Princess skips to the car with visions of brightly colored pencil skirts and polka dots dancing in her head. She also realizes that she has to eat ALL the leftover pizza in the fridge in the next few hours before the diet officially begins. She has no trouble with this.
Now Princess and Husband are less than a week into the diet, and she remembers why she hated this diet last year when they did it for a few months. (MONTHS!!! WHAT! WHY! HOW!) Here are a few ways to tell if you, like Princess, are unfortunate enough to be on a low carb diet:
- You start smelling fair food, inexplicably, when you’re nowhere near any kind of kitchen and it’s 9 in the morning. You learn that you would indeed kill someone for the fried snickers remnants on their carnie little fingers.
- When you drink hot, unsweetened green tea instead of the sugared beverage you want, you have the sensation that this is what it would be like to drink an old man’s beard.

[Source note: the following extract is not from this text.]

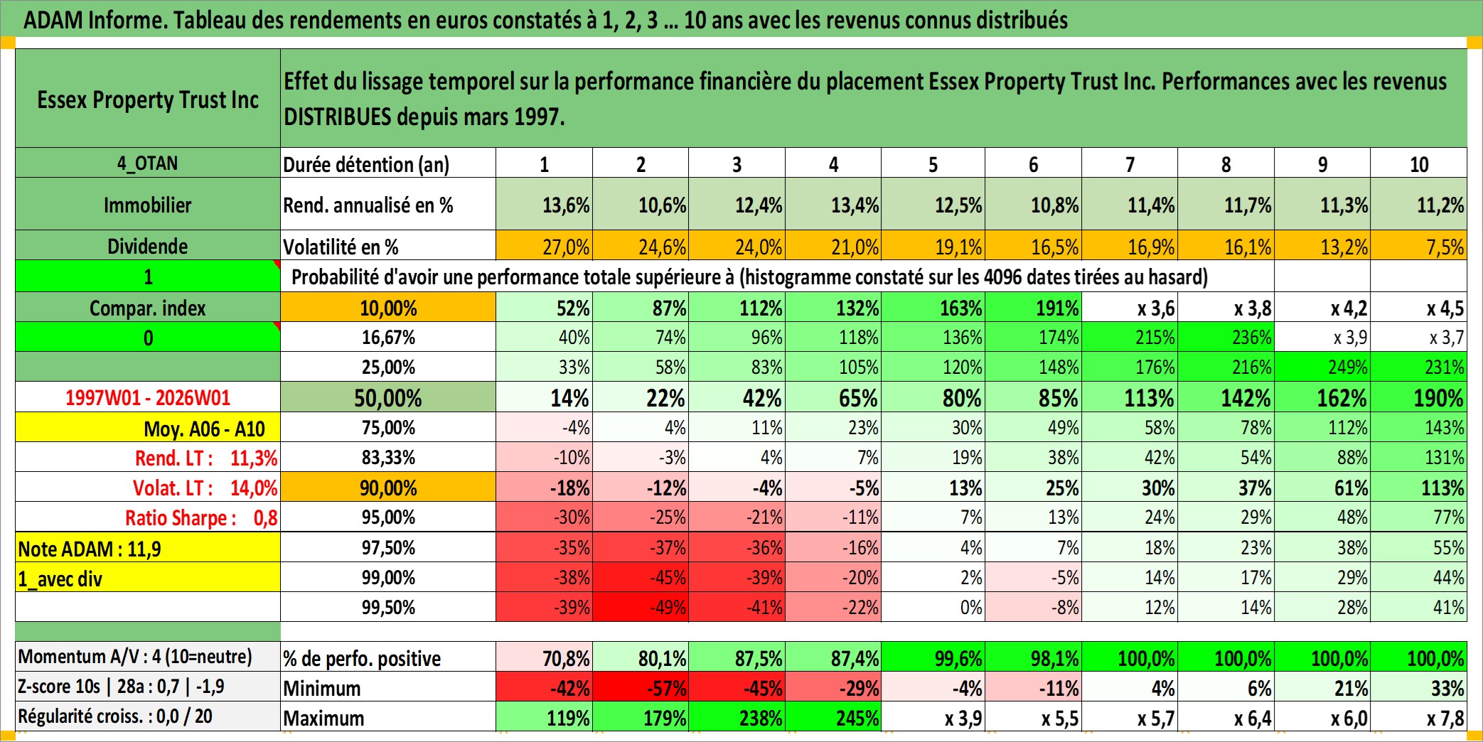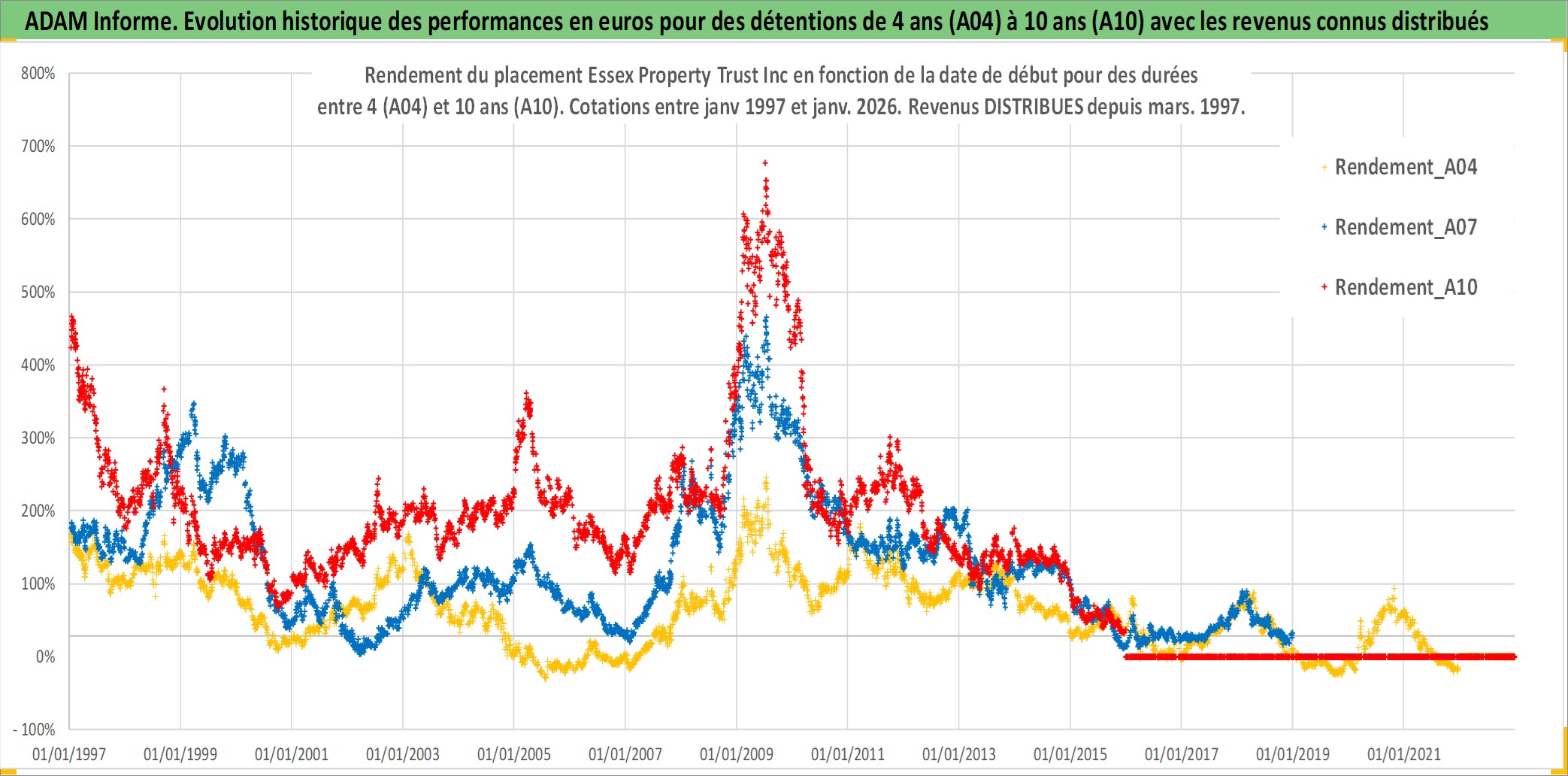 Site dédié aux investisseursPage dédiée sur site financeAnalyse des valorisations hebdomadaires de l'action Essex Property Trust Inc. Cet actif est cote en USD. Les valorisations sont en contrevaleur EURO et couvrent les semaines 1997W01 a 2026W01. Les revenus de cet actif financier sont pris en compte depuis la semaine 1997W13. La note globale ESG de cet actif est estimee a 15.0 (apres rebasage entre 0 et 20).

- People’s faces begin to look like cinnamon rolls. You want to eat someone’s face off. You understand what that zombie man was going through. Wait no you don’t, that was the weirdest thing ever.
- The sprinkles on the cupcake your student brought you this morning are morphing into the face of Regina George and Regina mocks you mercilessly. You want to eat her face off. You understand what that zombie man was going through. Wait no STOP SAYING THAT.
- You decide to sneak a jolly rancher, and even though it’s stickier than sticks and has bits of wrapper stuck to it, you eat it anyway. (No, you don’t eat it, you savor it for ten minutes and cry tears of joy. The kids in study hall are like, WHAT! WHY YOU CRYING? And you’re like, “Watermelons don’t even taste like this! The ranchers are jolly liars!”)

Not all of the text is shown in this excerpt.